> [Provided material]
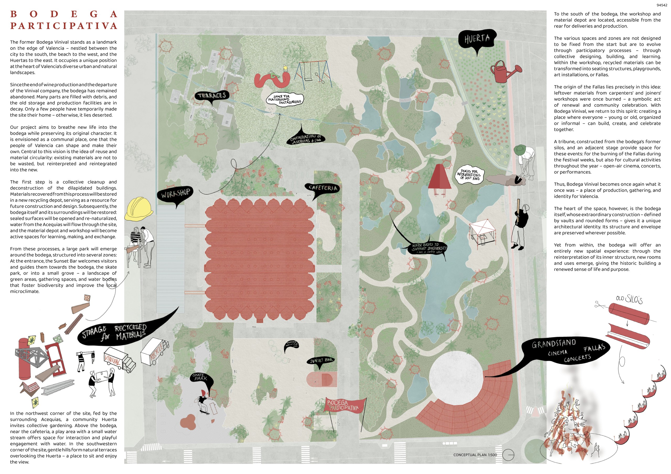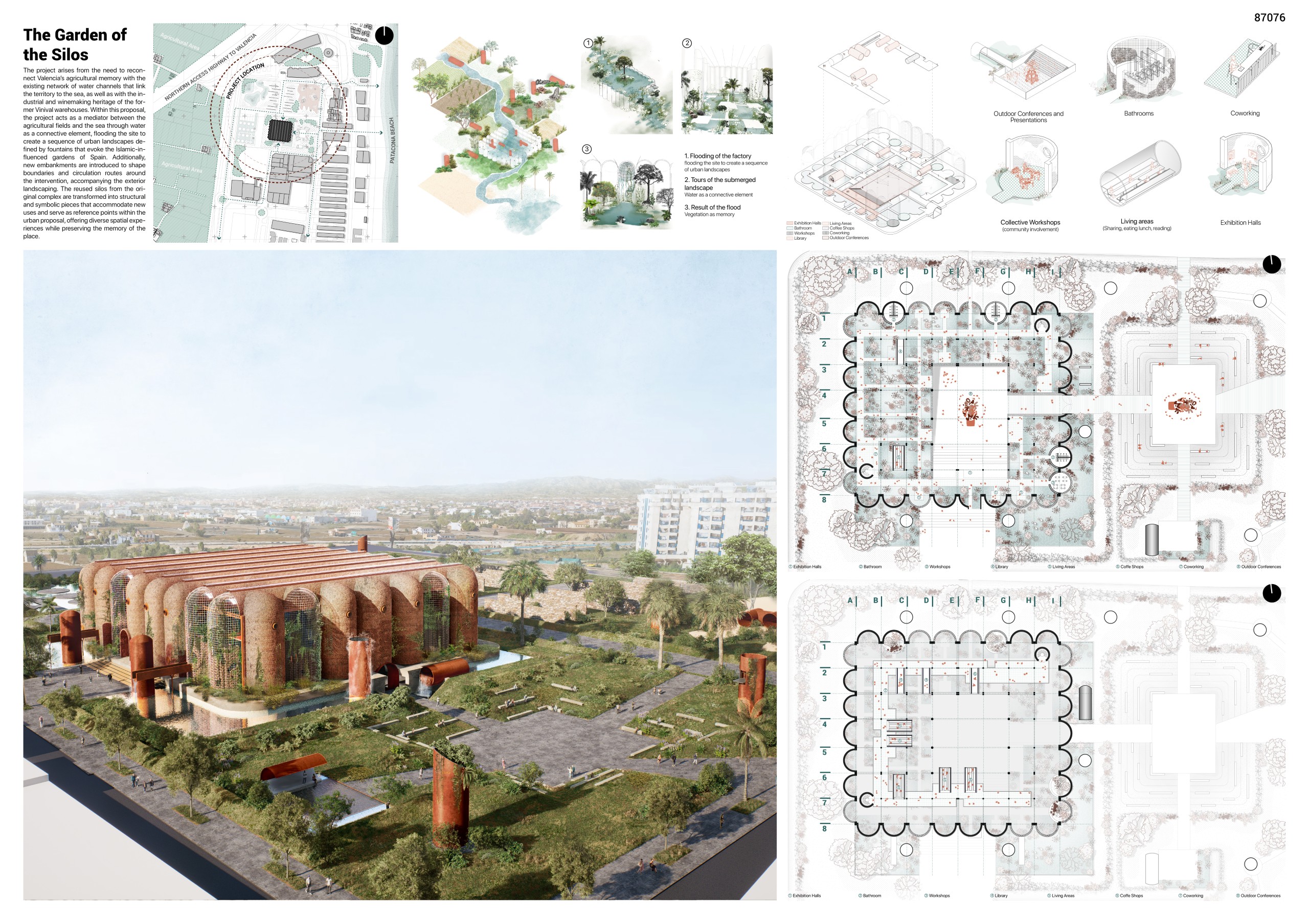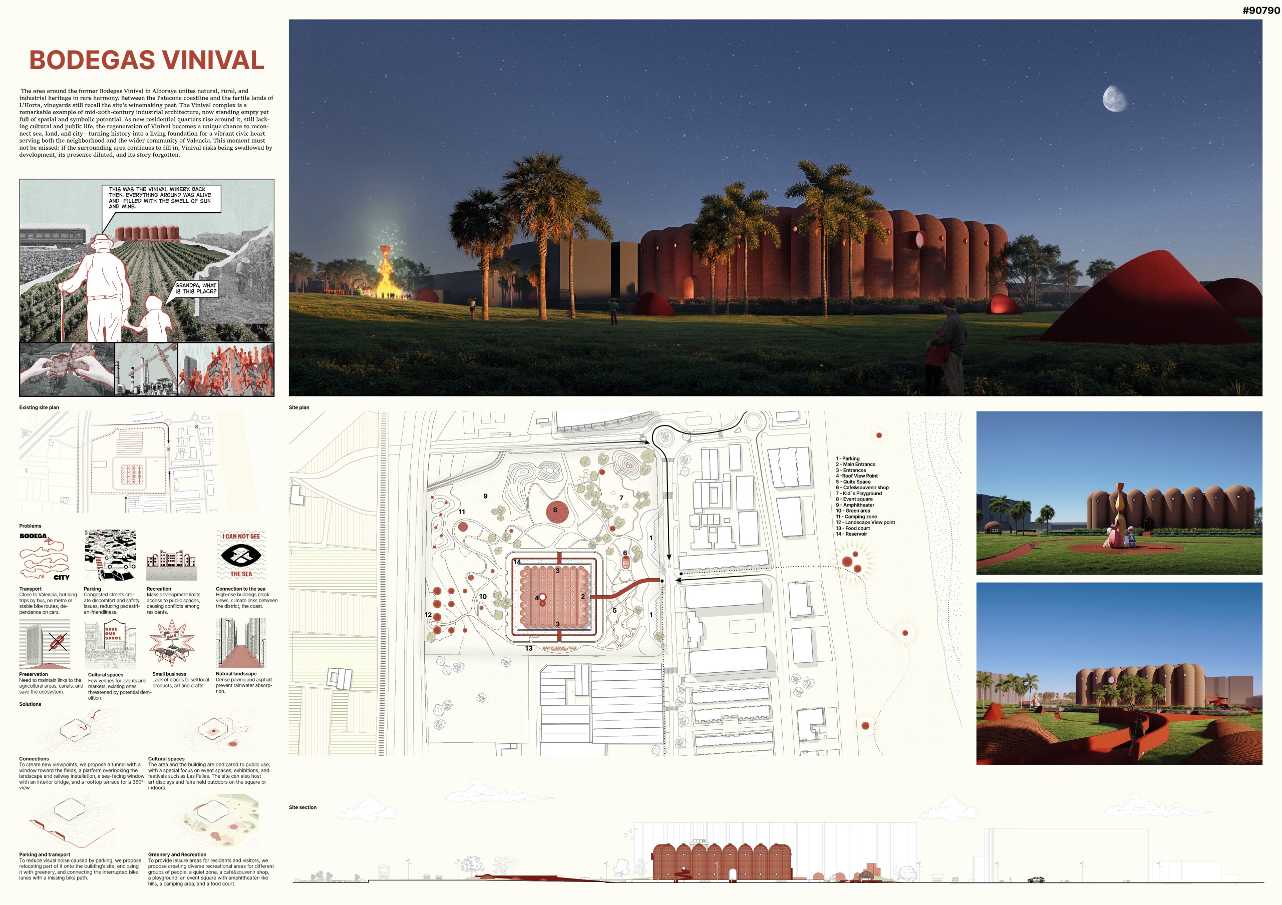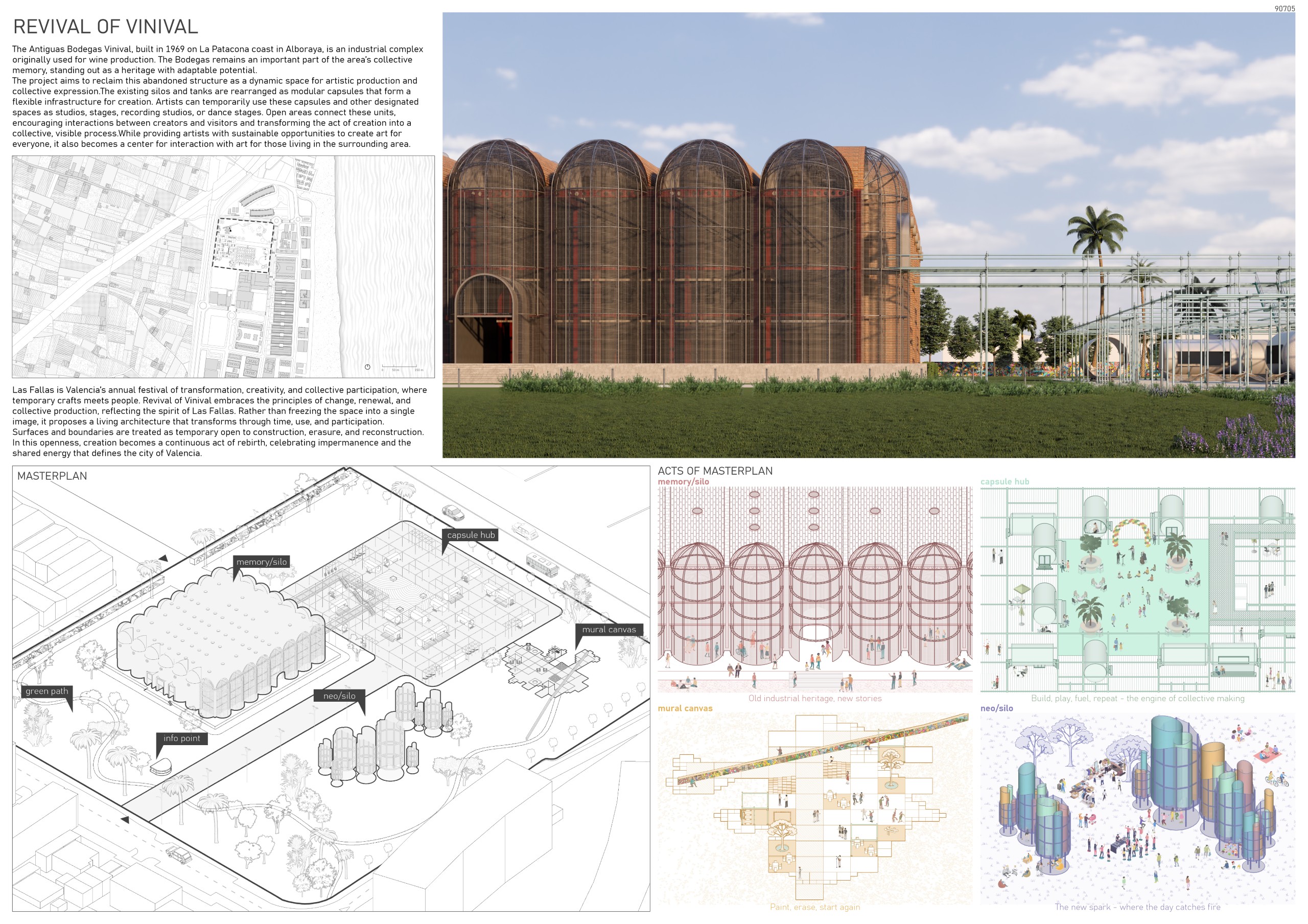 The project arises from the need to reconnect Valencia’s agricultural memory with the existing network of water channels that link the territory to the sea, as well as with the industrial and winemaking heritage of the former Vinival warehouses. Within this proposal, the project acts as a mediator between the agricultural fields and the sea through water as a connective element, floodingthe site to create a sequence of urban landscapes defined by fountains thatevoke the Islamic-influenced gardens of Spain. Additionally, new embankmentsare introduced to shape boundaries and circulation routes around the intervention, accompanying the exterior landscaping. The reused silos from the original complex are transformed into structural and symbolic pieces that accommodate new uses and serve as reference points within the urban proposal, offering diverse spatial experiences while preserving the memory of the place.
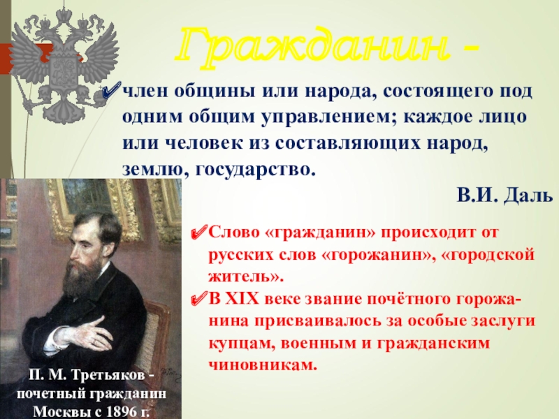 Слово «гражданин» происходит от русских слов «горожанин», «городской житель».
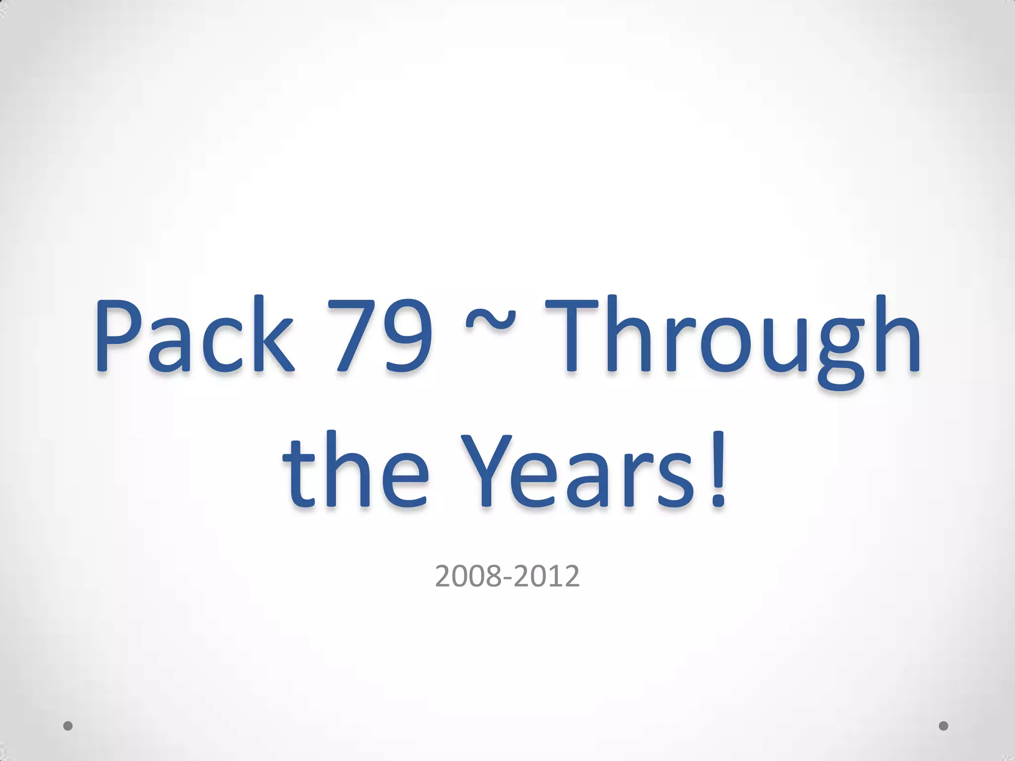 The document outlines the events and activities of Pack 79 from 2008 to 2012, including various ceremonies, derbies, and community service events. It highlights milestones such as crossover ceremonies and participation in local parades. The document also mentions specific accomplishments and gatherings that the pack engaged in during these years.
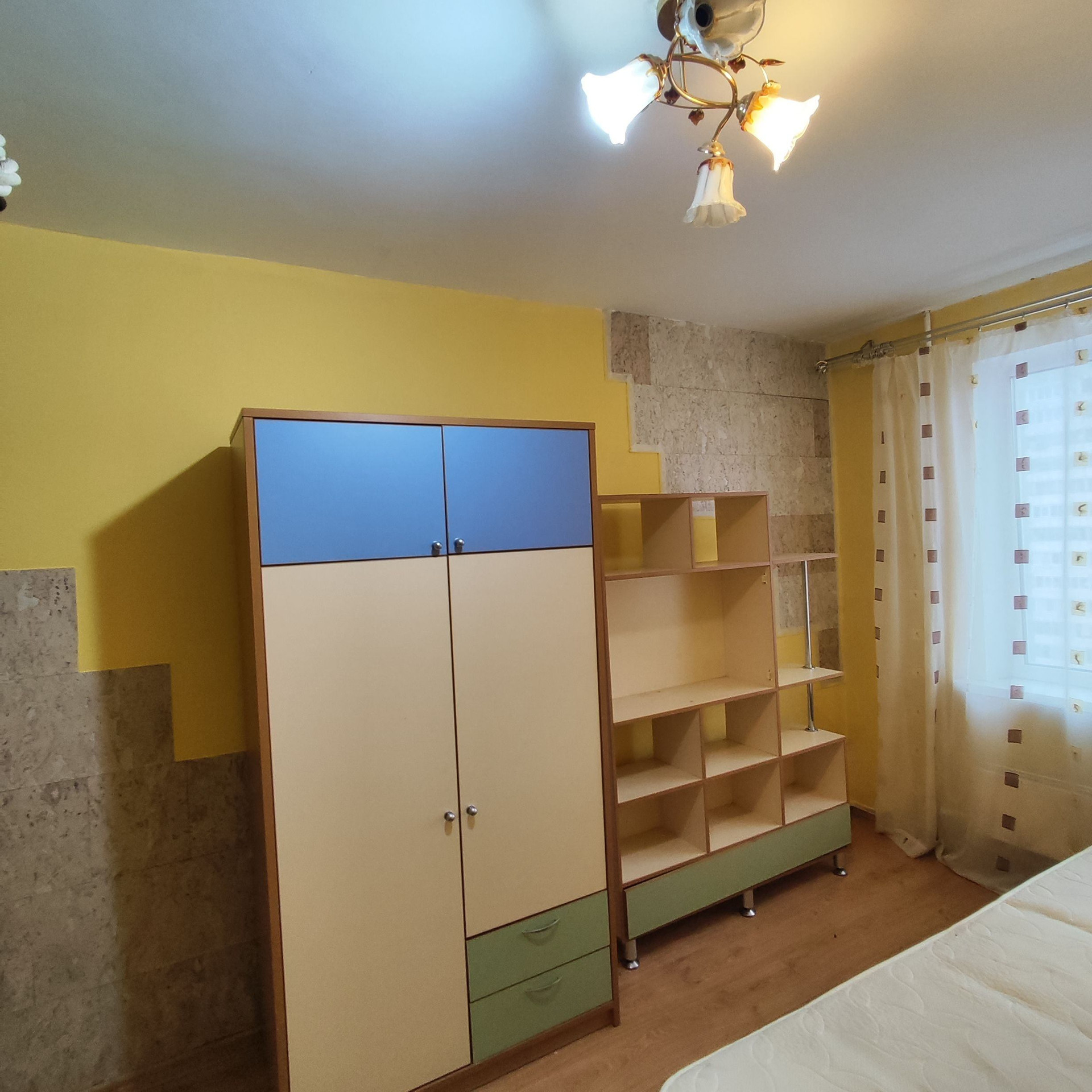 Квартира расположена на 11 этаже.  Сделан ремонт, стены, потолки  выровнены , окрашены . Те если захотите поменять цвет, просто перекрасьте.

> [What this task involves] Please, without any of the pictures, set down exactly the lines from the beginning of the listing to the line that contains "происходит от русских", inclusive.

> [Result of this task]
 The project arises from the need to reconnect Valencia’s agricultural memory with the existing network of water channels that link the territory to the sea, as well as with the industrial and winemaking heritage of the former Vinival warehouses. Within this proposal, the project acts as a mediator between the agricultural fields and the sea through water as a connective element, floodingthe site to create a sequence of urban landscapes defined by fountains thatevoke the Islamic-influenced gardens of Spain. Additionally, new embankmentsare introduced to shape boundaries and circulation routes around the intervention, accompanying the exterior landscaping. The reused silos from the original complex are transformed into structural and symbolic pieces that accommodate new uses and serve as reference points within the urban proposal, offering diverse spatial experiences while preserving the memory of the place.
 Слово «гражданин» происходит от русских слов «горожанин», «городской житель».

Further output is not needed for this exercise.